-- Record extracts --
————
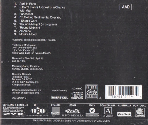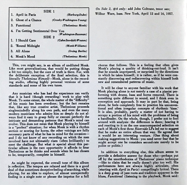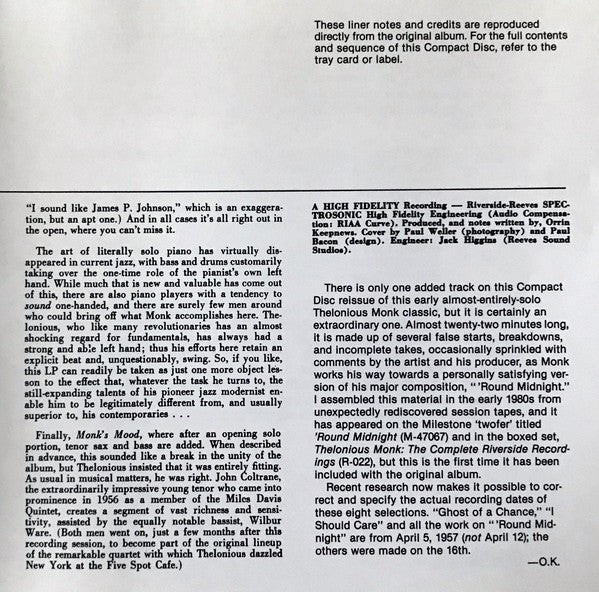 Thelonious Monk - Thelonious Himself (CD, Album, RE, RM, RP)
————
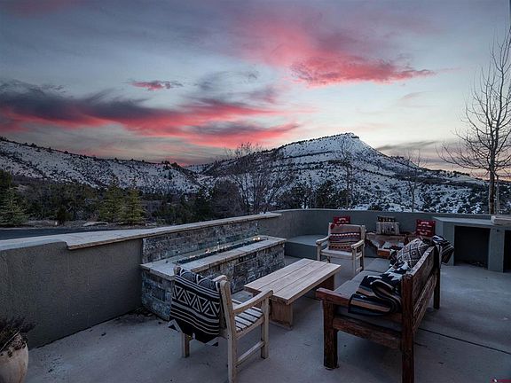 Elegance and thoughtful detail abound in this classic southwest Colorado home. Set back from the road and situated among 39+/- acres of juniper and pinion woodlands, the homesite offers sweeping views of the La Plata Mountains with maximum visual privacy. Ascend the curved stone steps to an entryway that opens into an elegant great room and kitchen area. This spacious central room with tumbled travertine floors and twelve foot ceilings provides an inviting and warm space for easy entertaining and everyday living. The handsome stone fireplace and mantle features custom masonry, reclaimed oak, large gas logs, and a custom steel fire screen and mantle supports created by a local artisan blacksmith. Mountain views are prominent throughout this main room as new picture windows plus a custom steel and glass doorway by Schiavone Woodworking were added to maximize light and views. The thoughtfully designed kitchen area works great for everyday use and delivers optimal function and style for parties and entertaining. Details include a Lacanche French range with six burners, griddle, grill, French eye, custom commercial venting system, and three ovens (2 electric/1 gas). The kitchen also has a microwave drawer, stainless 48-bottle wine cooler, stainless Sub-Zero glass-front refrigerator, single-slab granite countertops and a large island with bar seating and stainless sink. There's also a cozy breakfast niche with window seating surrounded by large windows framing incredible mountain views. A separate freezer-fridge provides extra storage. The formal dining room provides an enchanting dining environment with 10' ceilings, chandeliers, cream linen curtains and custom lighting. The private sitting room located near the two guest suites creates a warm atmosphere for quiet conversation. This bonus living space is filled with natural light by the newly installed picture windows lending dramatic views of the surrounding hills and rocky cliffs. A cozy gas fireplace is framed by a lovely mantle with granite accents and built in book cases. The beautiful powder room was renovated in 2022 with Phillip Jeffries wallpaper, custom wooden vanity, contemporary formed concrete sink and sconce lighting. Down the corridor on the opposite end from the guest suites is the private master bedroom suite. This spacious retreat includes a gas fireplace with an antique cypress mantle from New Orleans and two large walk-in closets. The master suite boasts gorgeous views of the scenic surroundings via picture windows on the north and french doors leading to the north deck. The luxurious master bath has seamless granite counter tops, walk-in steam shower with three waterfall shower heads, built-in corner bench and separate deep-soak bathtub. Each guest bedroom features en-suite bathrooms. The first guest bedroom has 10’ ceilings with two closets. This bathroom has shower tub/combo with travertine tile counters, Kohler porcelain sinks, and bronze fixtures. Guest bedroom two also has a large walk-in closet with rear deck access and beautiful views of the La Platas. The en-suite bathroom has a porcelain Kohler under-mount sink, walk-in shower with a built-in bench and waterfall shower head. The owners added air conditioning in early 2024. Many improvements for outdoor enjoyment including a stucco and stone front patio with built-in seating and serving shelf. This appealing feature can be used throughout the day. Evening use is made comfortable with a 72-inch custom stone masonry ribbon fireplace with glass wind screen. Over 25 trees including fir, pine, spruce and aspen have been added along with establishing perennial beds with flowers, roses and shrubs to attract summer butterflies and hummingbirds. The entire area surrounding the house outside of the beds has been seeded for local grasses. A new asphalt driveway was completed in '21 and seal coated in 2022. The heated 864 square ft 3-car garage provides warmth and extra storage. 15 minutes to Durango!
————
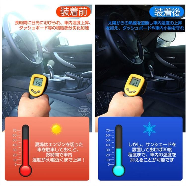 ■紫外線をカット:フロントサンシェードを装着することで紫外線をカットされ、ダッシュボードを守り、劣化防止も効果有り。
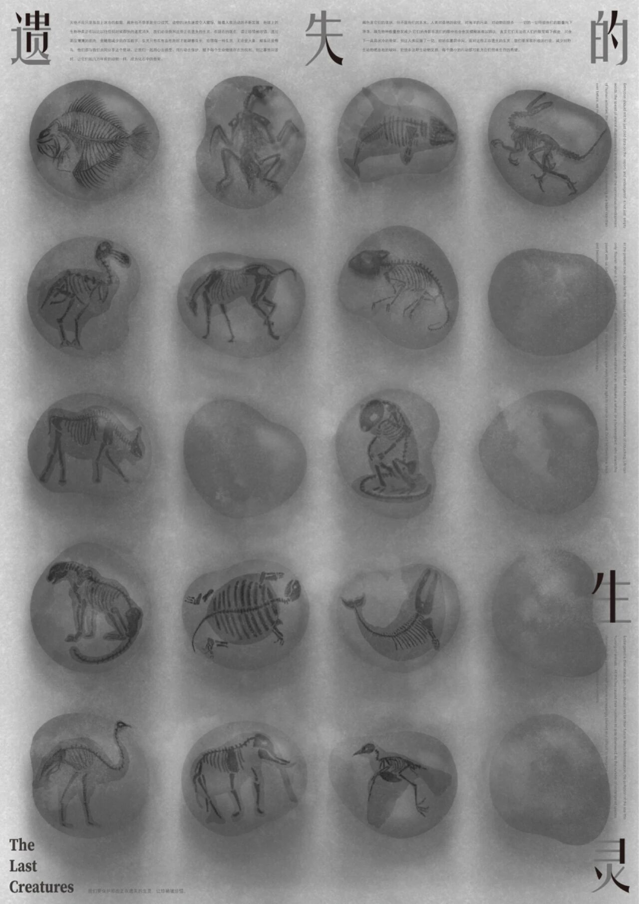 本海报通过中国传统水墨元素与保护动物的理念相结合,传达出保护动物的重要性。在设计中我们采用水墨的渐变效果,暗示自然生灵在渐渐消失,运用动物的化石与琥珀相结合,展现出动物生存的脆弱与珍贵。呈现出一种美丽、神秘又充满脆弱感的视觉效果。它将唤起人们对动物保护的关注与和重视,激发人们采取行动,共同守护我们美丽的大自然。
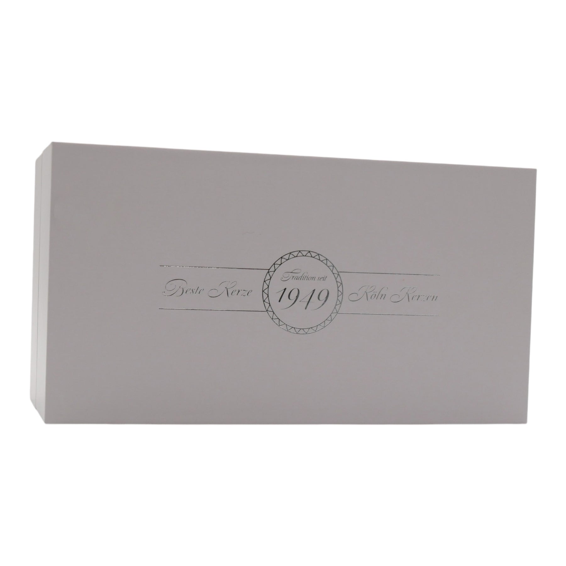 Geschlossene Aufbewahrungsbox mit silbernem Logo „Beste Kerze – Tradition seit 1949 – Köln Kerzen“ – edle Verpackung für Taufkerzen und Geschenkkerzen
————
-- What you should do --
What is needed is an exact copy of the lines above from the one with "本海报通过中国传统水墨元素与" to the one with "Geschlossene Aufbewahrungsbox mit", both ends kept, and nothing more; please leave the pictures out.

-- Task output --
 本海报通过中国传统水墨元素与保护动物的理念相结合,传达出保护动物的重要性。在设计中我们采用水墨的渐变效果,暗示自然生灵在渐渐消失,运用动物的化石与琥珀相结合,展现出动物生存的脆弱与珍贵。呈现出一种美丽、神秘又充满脆弱感的视觉效果。它将唤起人们对动物保护的关注与和重视,激发人们采取行动,共同守护我们美丽的大自然。
 Geschlossene Aufbewahrungsbox mit silbernem Logo „Beste Kerze – Tradition seit 1949 – Köln Kerzen“ – edle Verpackung für Taufkerzen und Geschenkkerzen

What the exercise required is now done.